**TASK BRIEF:**
Reproduce every record below exactly, without the pictures.

**RECORDED DATA:**

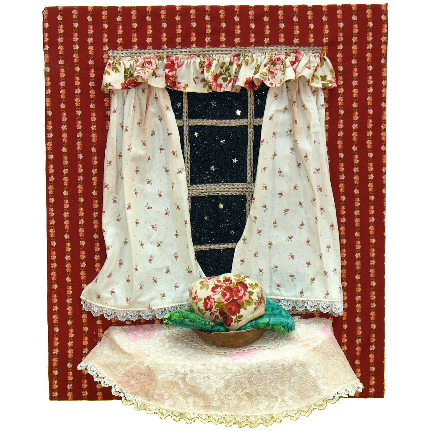 The inspiration for Night Time Window was a Fast Friday Fabric Challenge entitled “Open the Doors of Perception”, plus fabric that simply called out “I’m wallpaper!” This is a three-dimensional piece, with the curtains coming out from the background and the little table is actually a little shelf of foam core. I tea-dyed the curtains and tablecloth because they were too light for the contrast I wanted. The bowl is made out of polymer clay and the flowers and leaves are separate pillow-like pieces – the flower piece from the same fabric as the valance. The tablecloth is lace backed with fusible interfacing and edged with the same lace that edges the curtains. The black sky seen through the windows is a glimmery black fabric, backed by a dark silver. The last touch was a scattering of tiny foil stars that I came across in my stash, which I had forgotten that I had.
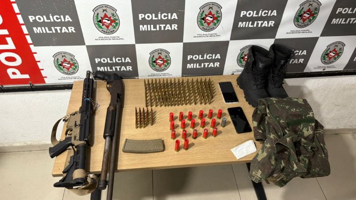 Durante a abordagem inicial, os policiais recolheram duas armas de fogo. Um terceiro homem conseguiu fugir, mas foi localizado pouco depois. Com ele, a PM encontrou um arsenal composto por um fuzil MK18, uma espingarda calibre 12, além de grande quantidade de munições, incluindo traçantes e projéteis de fuzil.
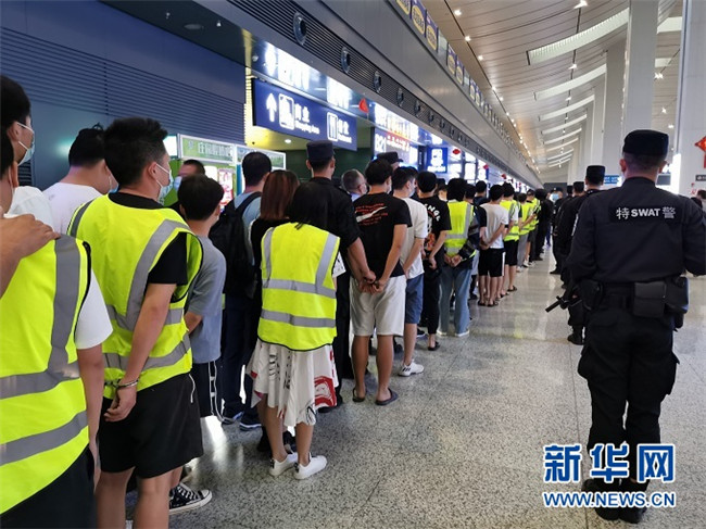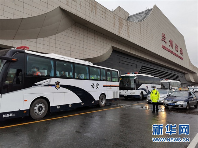 7月11日19時,在位于蘭州市區(qū)的蘭州西站,137名犯罪嫌疑人在警方押解下走下列車,這僅是蘭州警方破獲的一起特大電信網(wǎng)絡(luò)詐騙案的部分犯罪嫌疑人。由于犯罪嫌疑人較多,警方調(diào)派多輛大巴車在火車站等候押送。
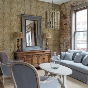 This elegant and sophisticated old southern home pattern transforms a wall with texture and color. Use this wallpaper to give a whole room new life or just add a small amount to a cabinet or bookcase to give it some personality.
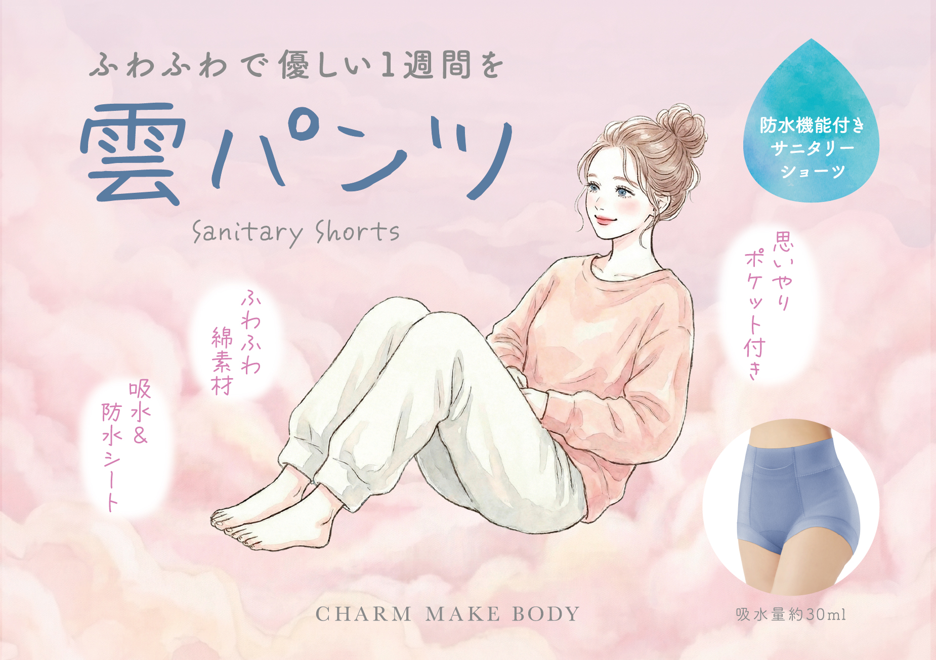 【新発売】女性が求めた肌触りを実現!“ふわふわで軽い一週間”を過ごせる!!吸水サニタリーショーツ「雲パンツ」誕生!
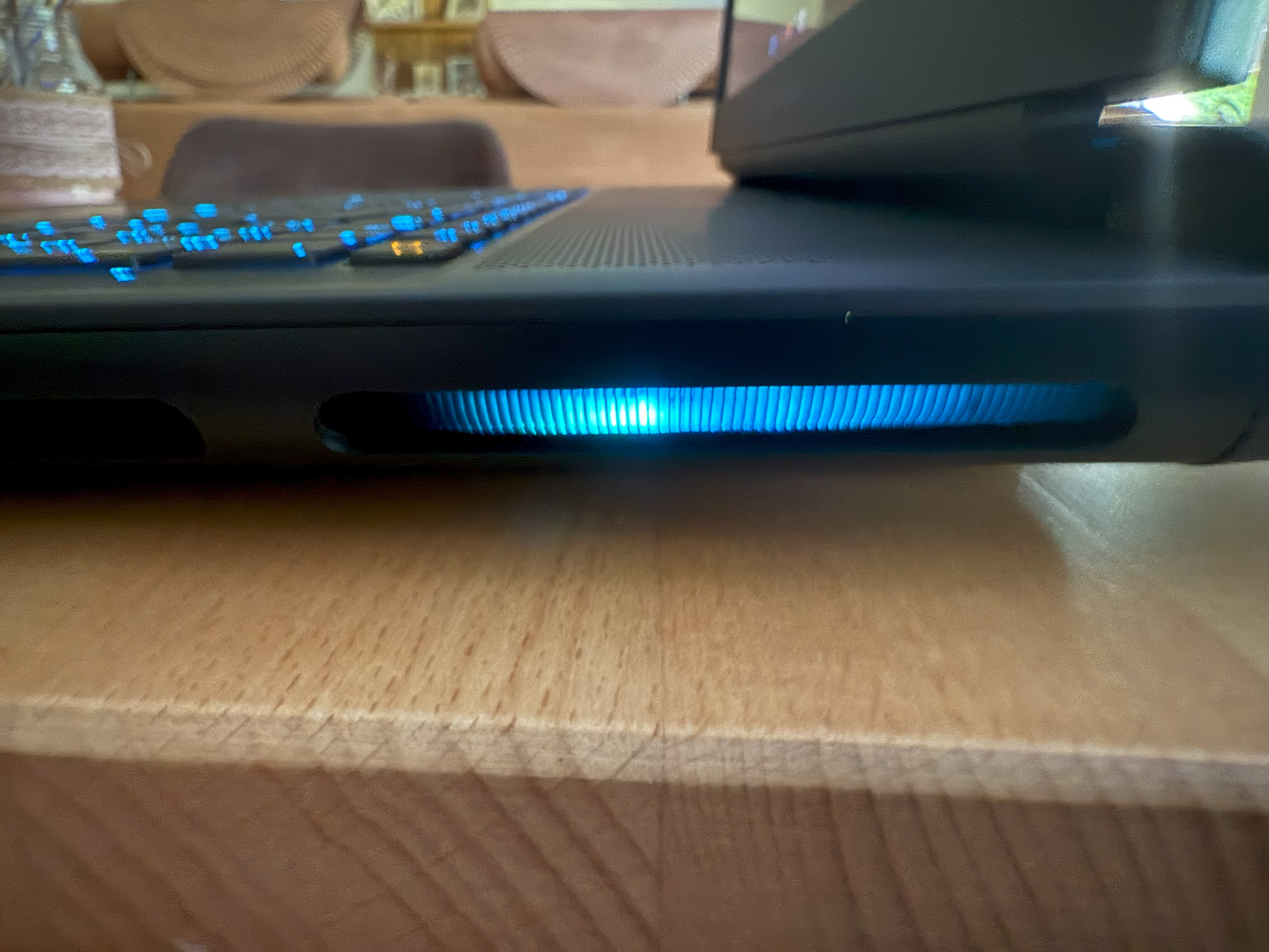 Auch hier geht Alienware einen anderen Weg: Über den Luftauslässen am Heck befindet sich ein Lichtstreifen unter einer halbtransparenten Abdeckung. Das bedeutet, wer die Beleuchtung deaktiviert, sieht nicht, dass das Area 51 überhaupt eine solche besitzt. Es ist bisher das einzige Notebook überhaupt, bei dem ich nicht auf die Beleuchtung verzichten möchte.
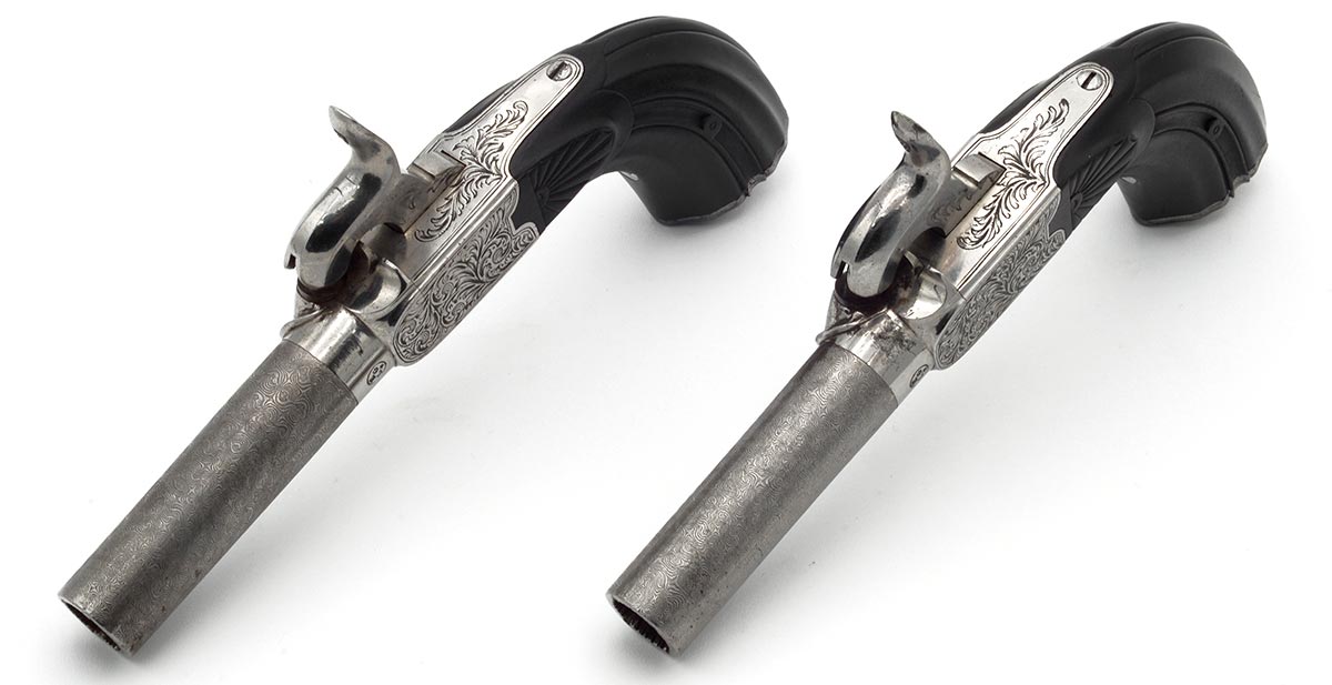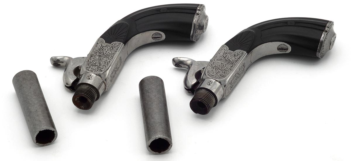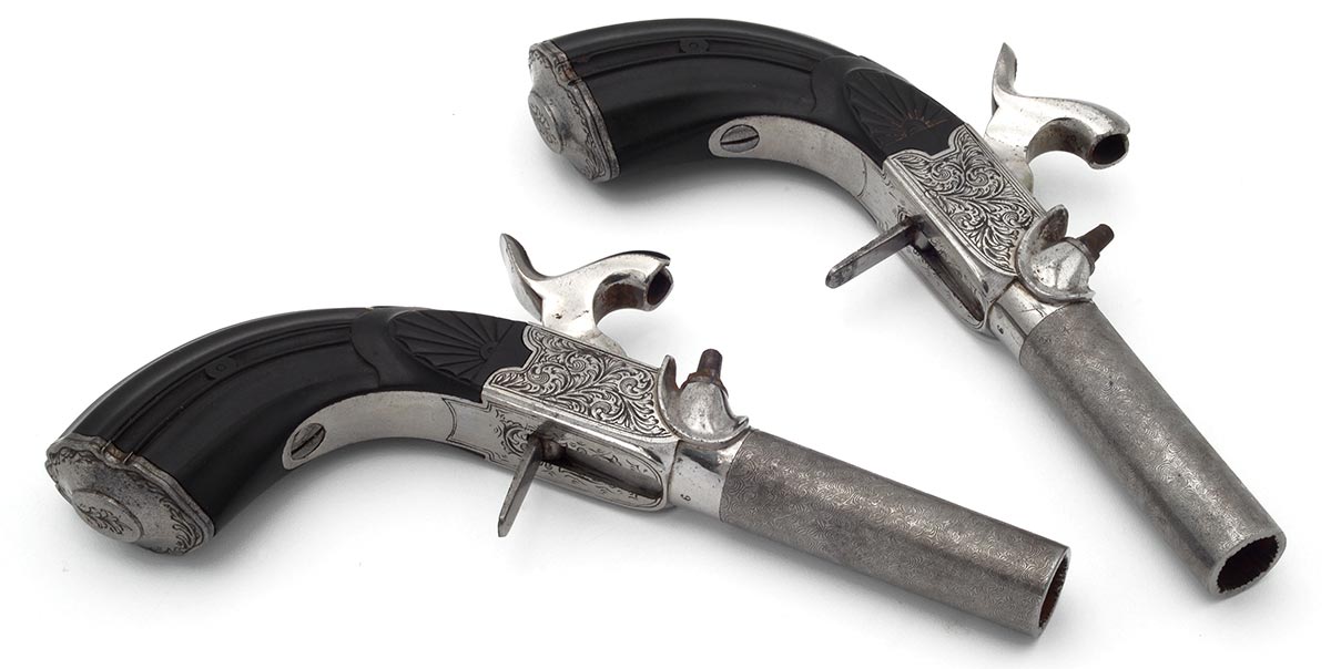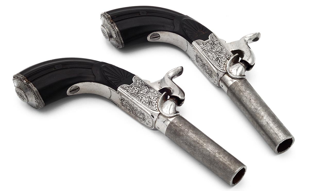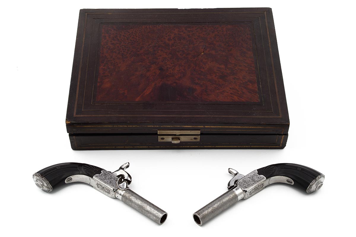 - Belgian Engraved Muff/Boot Percussion 44 Caliber Pistols Cased Pair - Antique Pistols *ca. 1850*
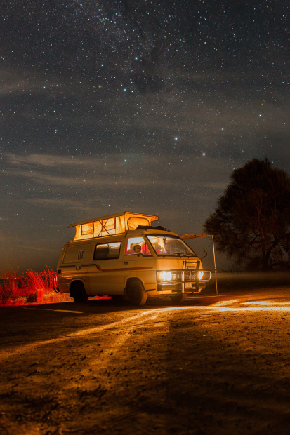 This photo was taken at 12:00 am I was supposed yo be in bed, but felt like going out for a piss, while I’m out couldn’t believe my eyes how hood was the whole scene of the van and the stars. So took my camera out, woke up my parntner to turn the lights on and off for couple of seconds for my long exposure, and it worked. Created a nice lights, and the red was from the back lights which gave the image a special feature. This night was unforgettable.
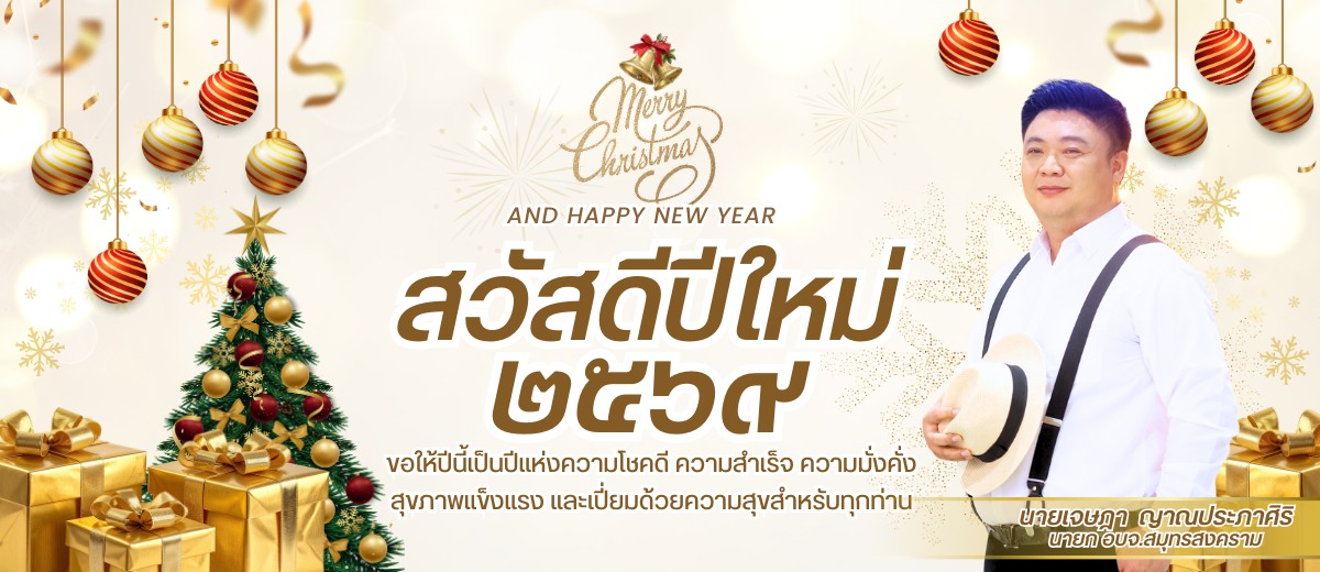 Merry Christmas and Happy New Year" อบจ.สมุทรสงครามขอส่งความปรารถนาดีไปยังพี่น้องประชาชนทุกท่าน ขอให้ปีใหม่นี้เป็นปีแห่งความโชคดี ความสำเร็จ ความมั่งคั่ง สุขภาพแข็งแรงและเปี่ยมด้วยความสุขสำหรับทุกท่าน เราพร้อมมุ่งมั่นปฏิบัติหน้าที่เพื่อบำบัดทุกข์ บำรุงสุข และรับใช้ประชาชนชาวสมุทรสงครามอย่างเต็มกำลัง
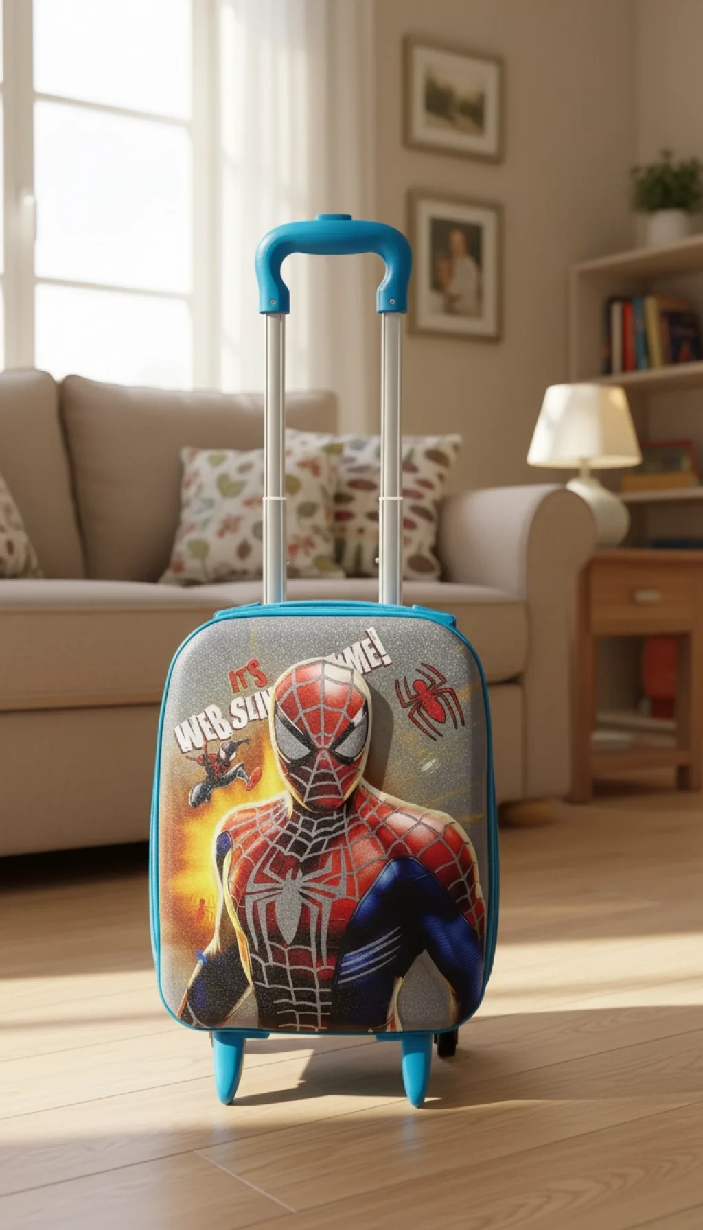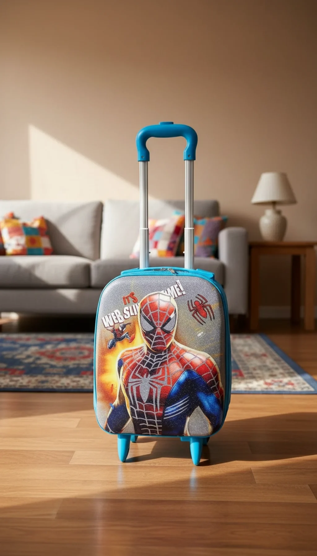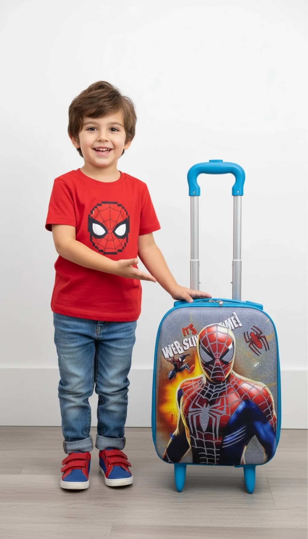Efsanevi Tasarım: Ikonik figürü ve "Web Slinging" temalı tasarımıyla çocukların hayal dünyasını seyahatlere taşır.

**RESPONSE TO THIS EXERCISE:**
 The inspiration for Night Time Window was a Fast Friday Fabric Challenge entitled “Open the Doors of Perception”, plus fabric that simply called out “I’m wallpaper!” This is a three-dimensional piece, with the curtains coming out from the background and the little table is actually a little shelf of foam core. I tea-dyed the curtains and tablecloth because they were too light for the contrast I wanted. The bowl is made out of polymer clay and the flowers and leaves are separate pillow-like pieces – the flower piece from the same fabric as the valance. The tablecloth is lace backed with fusible interfacing and edged with the same lace that edges the curtains. The black sky seen through the windows is a glimmery black fabric, backed by a dark silver. The last touch was a scattering of tiny foil stars that I came across in my stash, which I had forgotten that I had.
 Durante a abordagem inicial, os policiais recolheram duas armas de fogo. Um terceiro homem conseguiu fugir, mas foi localizado pouco depois. Com ele, a PM encontrou um arsenal composto por um fuzil MK18, uma espingarda calibre 12, além de grande quantidade de munições, incluindo traçantes e projéteis de fuzil.
 7月11日19時,在位于蘭州市區(qū)的蘭州西站,137名犯罪嫌疑人在警方押解下走下列車,這僅是蘭州警方破獲的一起特大電信網(wǎng)絡(luò)詐騙案的部分犯罪嫌疑人。由于犯罪嫌疑人較多,警方調(diào)派多輛大巴車在火車站等候押送。
 This elegant and sophisticated old southern home pattern transforms a wall with texture and color. Use this wallpaper to give a whole room new life or just add a small amount to a cabinet or bookcase to give it some personality.
 【新発売】女性が求めた肌触りを実現!“ふわふわで軽い一週間”を過ごせる!!吸水サニタリーショーツ「雲パンツ」誕生!
 Auch hier geht Alienware einen anderen Weg: Über den Luftauslässen am Heck befindet sich ein Lichtstreifen unter einer halbtransparenten Abdeckung. Das bedeutet, wer die Beleuchtung deaktiviert, sieht nicht, dass das Area 51 überhaupt eine solche besitzt. Es ist bisher das einzige Notebook überhaupt, bei dem ich nicht auf die Beleuchtung verzichten möchte.
 - Belgian Engraved Muff/Boot Percussion 44 Caliber Pistols Cased Pair - Antique Pistols *ca. 1850*
 This photo was taken at 12:00 am I was supposed yo be in bed, but felt like going out for a piss, while I’m out couldn’t believe my eyes how hood was the whole scene of the van and the stars. So took my camera out, woke up my parntner to turn the lights on and off for couple of seconds for my long exposure, and it worked. Created a nice lights, and the red was from the back lights which gave the image a special feature. This night was unforgettable.
 Merry Christmas and Happy New Year" อบจ.สมุทรสงครามขอส่งความปรารถนาดีไปยังพี่น้องประชาชนทุกท่าน ขอให้ปีใหม่นี้เป็นปีแห่งความโชคดี ความสำเร็จ ความมั่งคั่ง สุขภาพแข็งแรงและเปี่ยมด้วยความสุขสำหรับทุกท่าน เราพร้อมมุ่งมั่นปฏิบัติหน้าที่เพื่อบำบัดทุกข์ บำรุงสุข และรับใช้ประชาชนชาวสมุทรสงครามอย่างเต็มกำลัง
Efsanevi Tasarım: Ikonik figürü ve "Web Slinging" temalı tasarımıyla çocukların hayal dünyasını seyahatlere taşır.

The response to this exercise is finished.